* EXERCISE DESCRIPTION *
Counting every line in the records below that holds "with", give the total and add nothing.

* DATA FOR ANALYSIS *
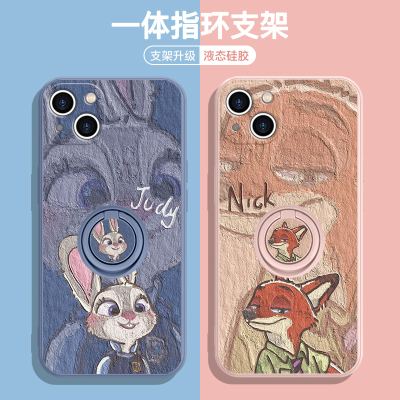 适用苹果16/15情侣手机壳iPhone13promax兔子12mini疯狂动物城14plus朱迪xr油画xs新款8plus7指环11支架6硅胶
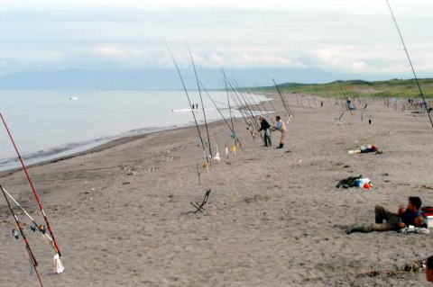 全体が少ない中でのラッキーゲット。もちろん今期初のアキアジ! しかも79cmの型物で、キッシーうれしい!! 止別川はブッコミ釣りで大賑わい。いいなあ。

---

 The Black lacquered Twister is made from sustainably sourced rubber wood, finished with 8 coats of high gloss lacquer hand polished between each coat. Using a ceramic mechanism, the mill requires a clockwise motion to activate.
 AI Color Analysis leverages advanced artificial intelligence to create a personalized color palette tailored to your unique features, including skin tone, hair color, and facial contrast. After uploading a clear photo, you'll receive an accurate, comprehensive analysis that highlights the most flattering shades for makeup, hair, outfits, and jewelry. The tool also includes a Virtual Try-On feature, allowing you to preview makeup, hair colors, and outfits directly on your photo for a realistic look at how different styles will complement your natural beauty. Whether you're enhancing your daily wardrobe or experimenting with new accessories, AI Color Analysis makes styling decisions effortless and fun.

* SOLUTION TO THE PROBLEM *
2